In these exercises you will improve the sample efficiency of the learning problem by modifying the space converter.

For these exercises, you will need to modify or add some lines of code in the cells above.
These lines are indicated by the following comments:

```python
# START EXERCISE [BLOCK_NUMBER]

# END EXERCISE [BLOCK_NUMBER]
```

However, feel free to play with the other code as well if you are interested.
We recommend you to restart and run all code after each section (in Colab there is the option *Restart and run all* under *Runtime*).


## 1. Angle Decomposition

In the code as provided above, we reduced the observation space by normalizing $\theta$.
This will improve the sample efficiency, but we can do even better.
Normalizing $\theta$ results in discontinous observations of $\theta$, i.e. there is a sign switch increasing the angle over $\pi$ or decreasing the angle smaller than $-\pi$.
Many (reinforcement) learning algorithms have difficulties with such discontinuities.
Therefore it is better to choose a representation for $\theta$ without discontinuities, e.g. its sine and cosine component: $[\sin(\theta), \cos(\theta)]$.

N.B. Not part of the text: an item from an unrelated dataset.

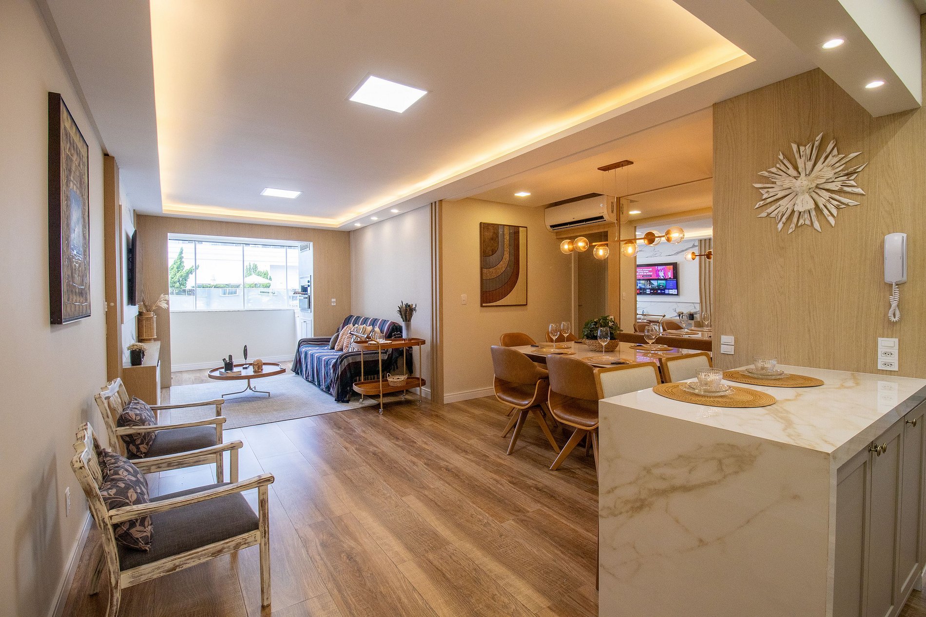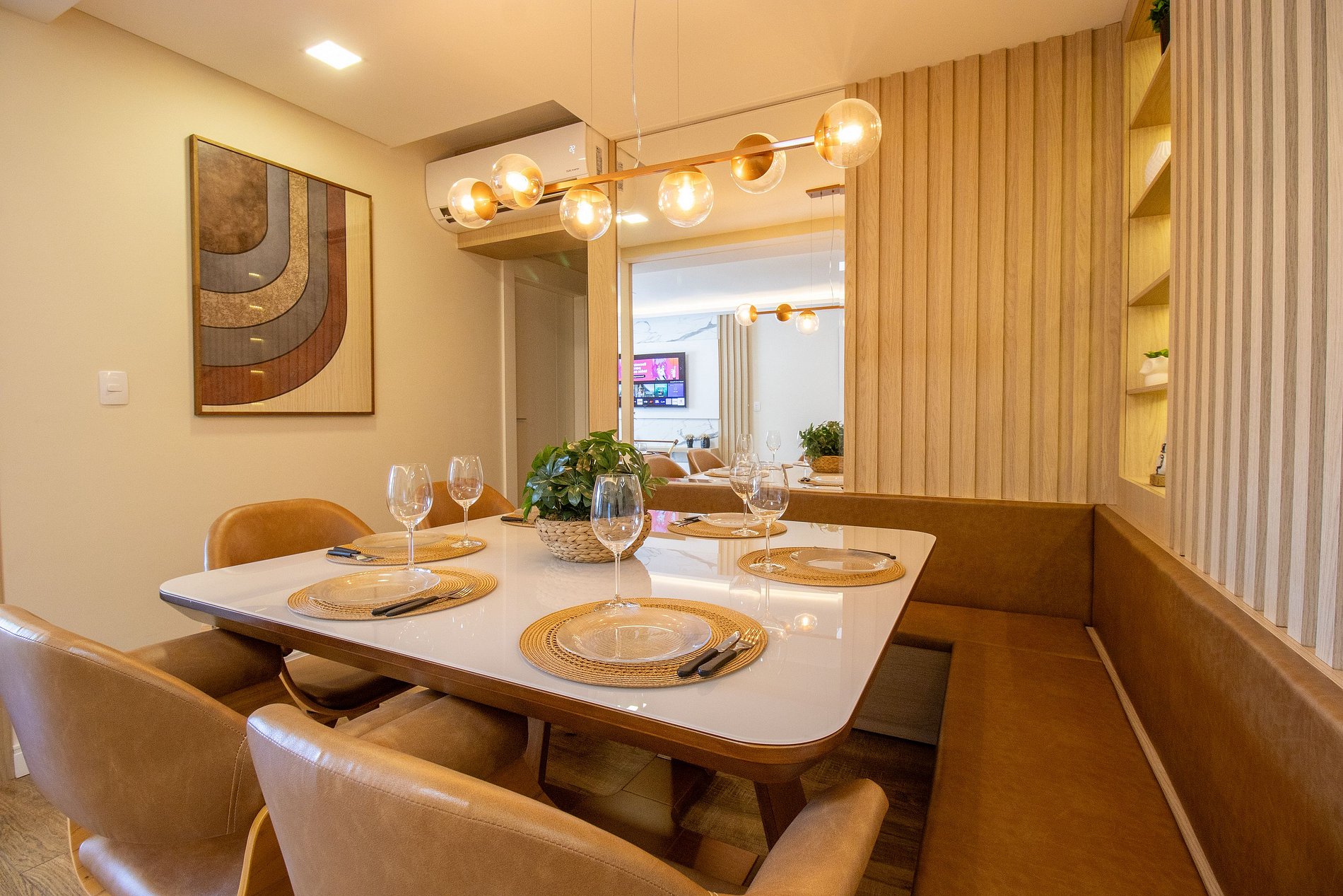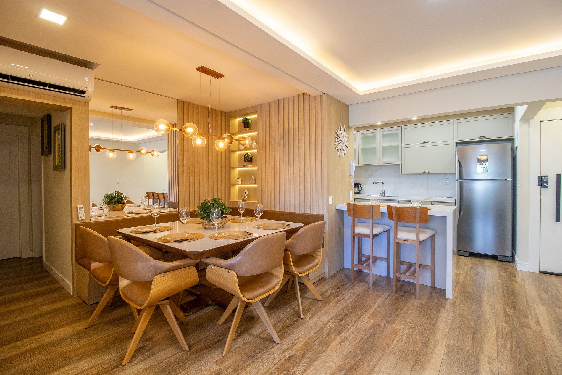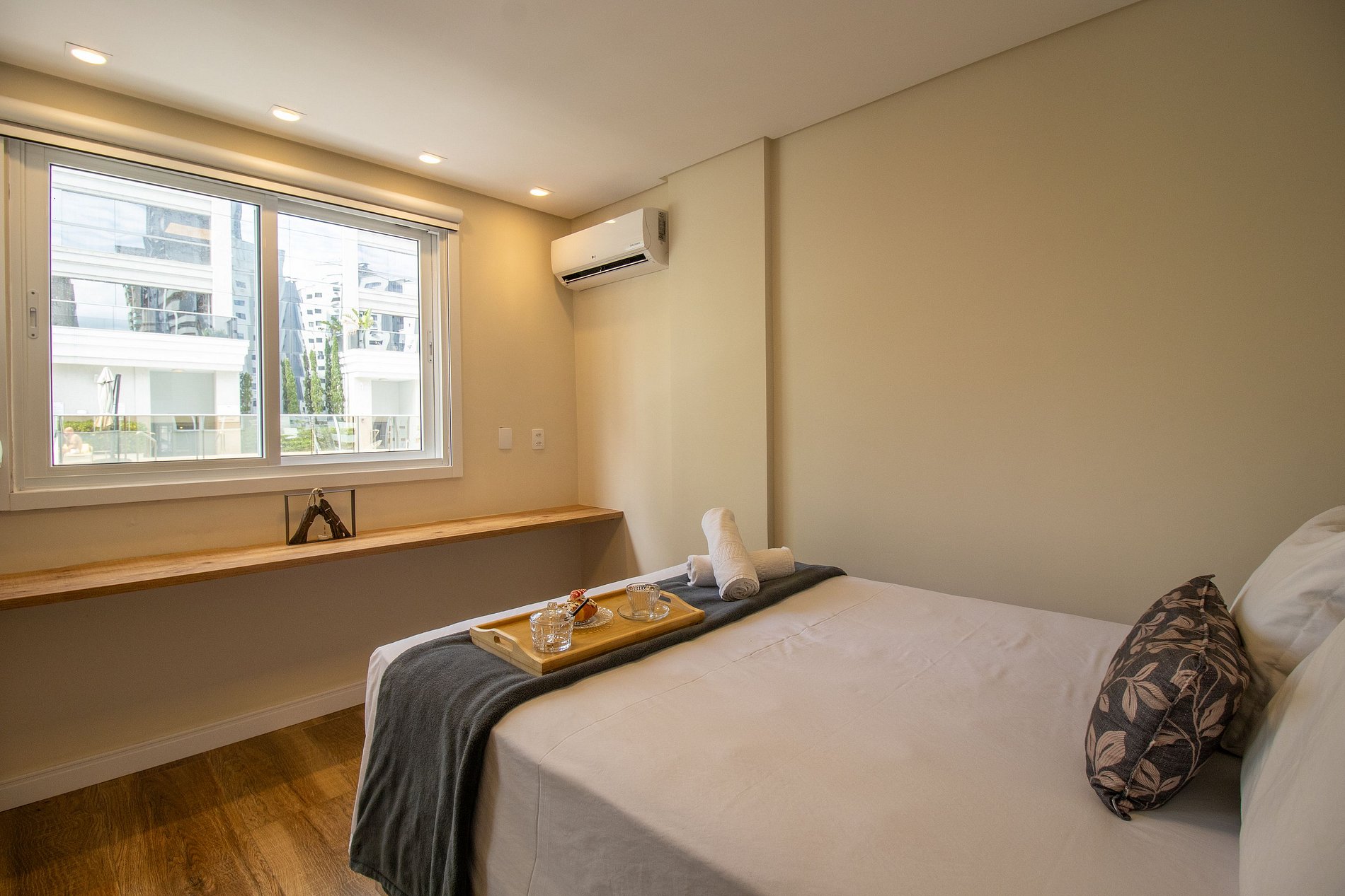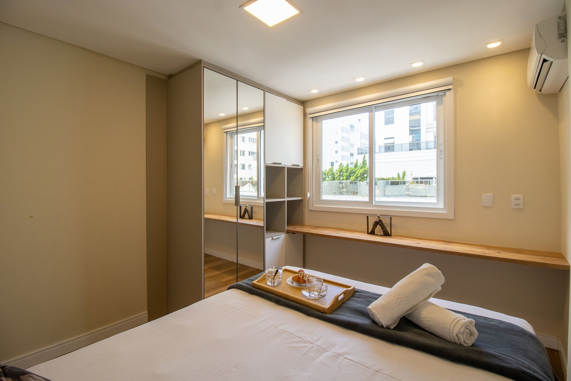 Há quatro ares condicionados split, sendo um na sala e em cada um dos quartos, garantindo um ambiente sempre agradável. Todos os aparelhos funcionam exclusivamente no modo de refrigeração, ideal para os dias quentes.

### Add your code to the following blocks: 

1.1 Instead of the normalized angle, the `B_TO_A` method should return the decomposed angle: $[\sin(\theta), \cos(\theta)]$.  
1.2 The values of `low` and `high` of the Gym space should be updated accordingly.  
1.3 The function `step_fn` should be updated as well. Reconstruct $\theta$, since it is no longer observed directly by the agent.